A field-theoretic approach to nonequilibrium work identities

TL;DR

This paper develops a field-theoretic framework for nonequilibrium work relations, deriving exact identities and symmetries that extend fluctuation-dissipation relations to non-stationary systems, with potential experimental applications.

Contribution

It introduces a novel field-theoretic approach to derive and generalize nonequilibrium work identities, linking Jarzynski's equality to symmetries and supersymmetry in stochastic dynamics.

Findings

Derived Jarzynski's equality via dynamical symmetries.

Generalized fluctuation-dissipation relations for non-stationary states.
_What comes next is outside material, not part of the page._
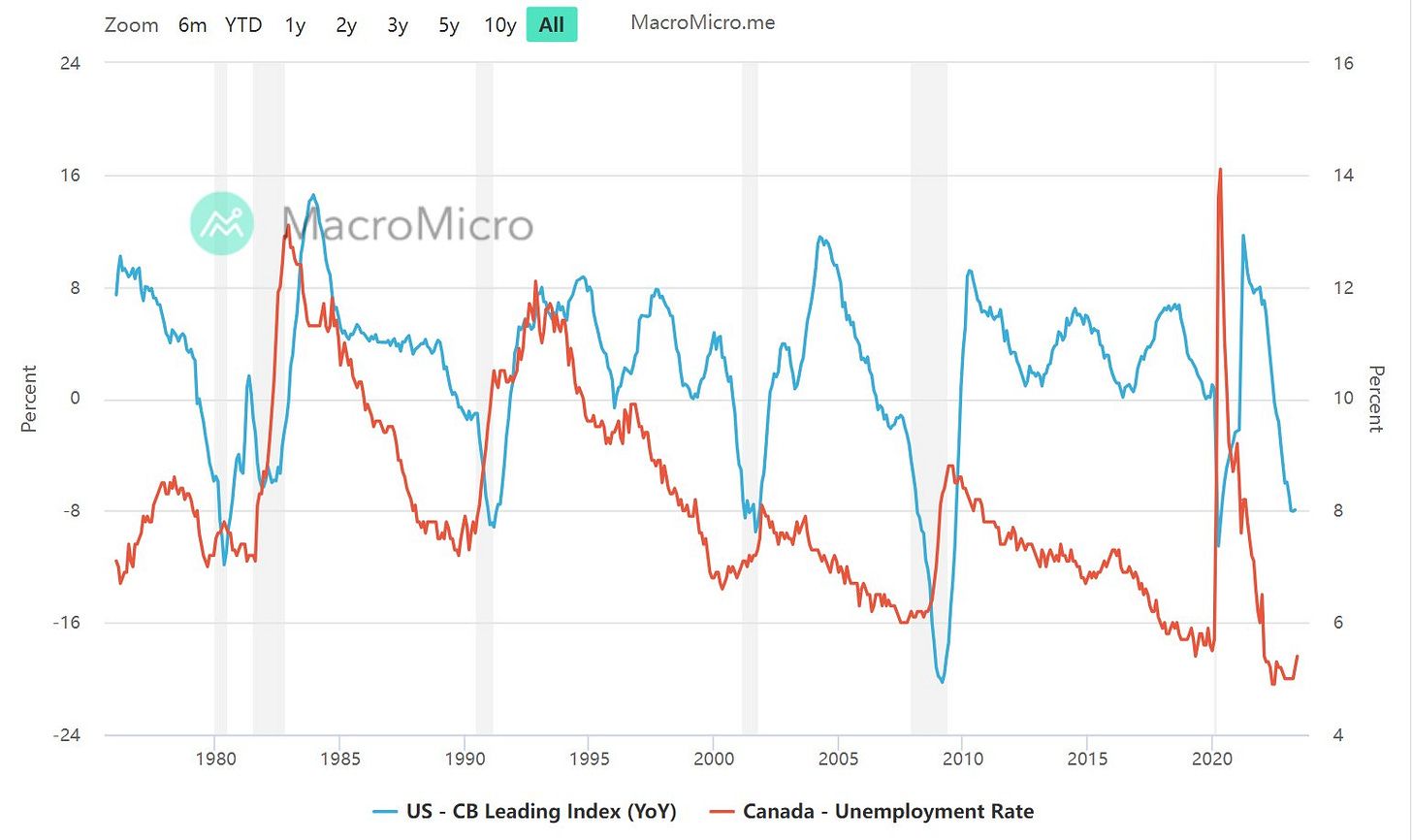 Canada is facing headwinds as well (above) and has seen a larger increase in their unemployment rate already than we’ve seen in the United States. Notice that every time that we see a greater than 8% decrease y/y in the leading index, unemployment rises sharply in Canada - with the smallest example being the increase seen after the tech bubble collapse in the states in 01.

Connected work identities to Ward-Takahashi identities.

Abstract

We study nonequilibrium work relations for a space-dependent field with stochastic dynamics (Model A). Jarzynski's equality is obtained through symmetries of the dynamical action in the path integral representation. We derive a set of exact identities that generalize the fluctuation-dissipation relations to non-stationary and far-from-equilibrium situations. These identities are prone to experimental verification. Furthermore, we show that a well-studied invariance of the Langevin equation under supersymmetry, which is known to be broken when the external potential is time-dependent, can be partially restored by adding to the action a term which is precisely Jarzynski's work. The work identities can then be retrieved as consequences of the associated Ward-Takahashi identities.